Shark conservationist Rob Stewart’s groundbreaking documentary bought the practice to the world’s attention and instigated its outlawing almost internationally except that some countries, notably Costa Rica, with a breathtakingly hypocritical president who is revealed here as a bare faced liar, ignored the moratorium continuing to catch a staggering 150 million sharks of which only 80 million can be accounted for.

sharkwater extinction

Stewart continues his campaign with almost religious zeal to outlaw the practice and alert the world to the danger of harvesting the seas top of the chain predator which ultimately will impact on human existence.  What he uncovers is astonishing with shark meat found in everything from pet food to cosmetics & fertilizer and even deliberately misleading the public with shops renaming it as rock salmon, a bit like Amanda Holden calling herself an actress.  Finding it on US supermarket fish counters eagerly bought by customers unaware that despite it sounding exotic a sharks level of  toxicity are high with the predator having devoured everything in the food chain below it making a shark like a mobile marine chemical dump or Kurt Cobain’s urine sample.  It’s astonishing what he uncovers with governments in second world countries turning a blind eye to the practice and  fishermen covertly hiding the fins as they dry out before they sell them on at a high price. It’s hardly surprising then that when an American testosterone fuelled shark hunter brags that, ‘if you put a price on it, they become a target’. Unfortunately he’s right. So when Stewart uncovers what looks like a moderate pile of fins they actually find there’s 38,000 there alone and the wholesale slaughter is put into perspective as to the profit that can be made. As he says, ‘It’s disappointing to see’, is probably the film’s most obvious understatement.
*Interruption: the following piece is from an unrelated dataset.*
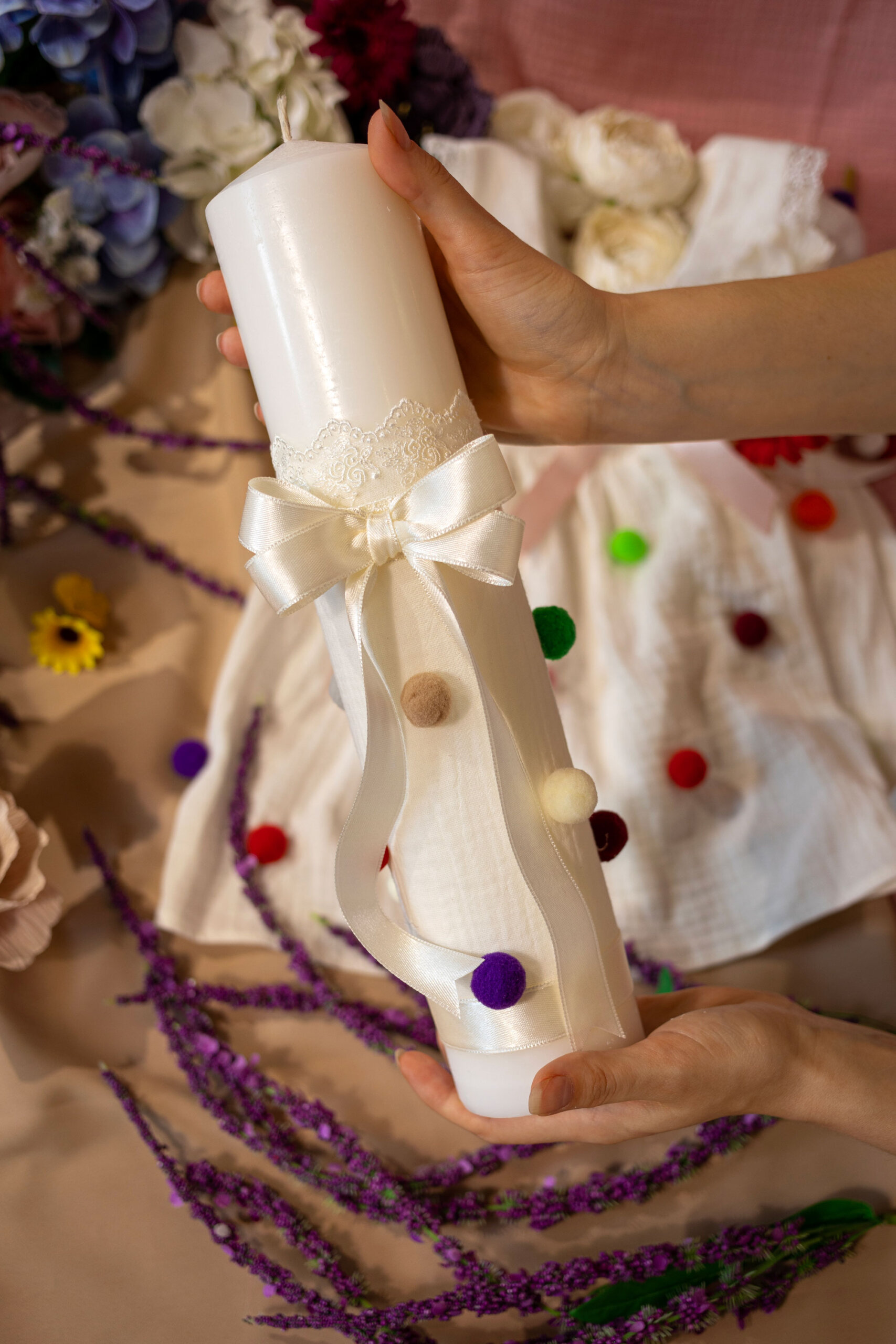 Lumânările pentru botez sunt special concepute pentru hăinuțele Andreeatex, lumânările sunt creații de serie mică și unicat. Tulluri diafane și jucăușe, culori pastelate, perluțe mici, toate aceste detalii creează un întreg tablou creativ al artistului făuritor de lumânări.

Sharkwater Extinction’s claim that the world has been kept in the dark about what’s happening and the scale of it too seems spot on and as a campaigner  he travels all over the world even finding drift nets like an immense wall of death capturing everything in its path on his own door step off the coast of LA. But the tragedy extends to Stewart himself because this became the last documentary  he made with the film building up to what turned out to be his last dive and the  Sharkwater Extinction  becomes as much an ode to his life’s work as it is to raising the awareness of the plight of sharks. Playing like a Part 2 to his 2006 documentary, Sharkwater Extinction is still depressingly essential viewing.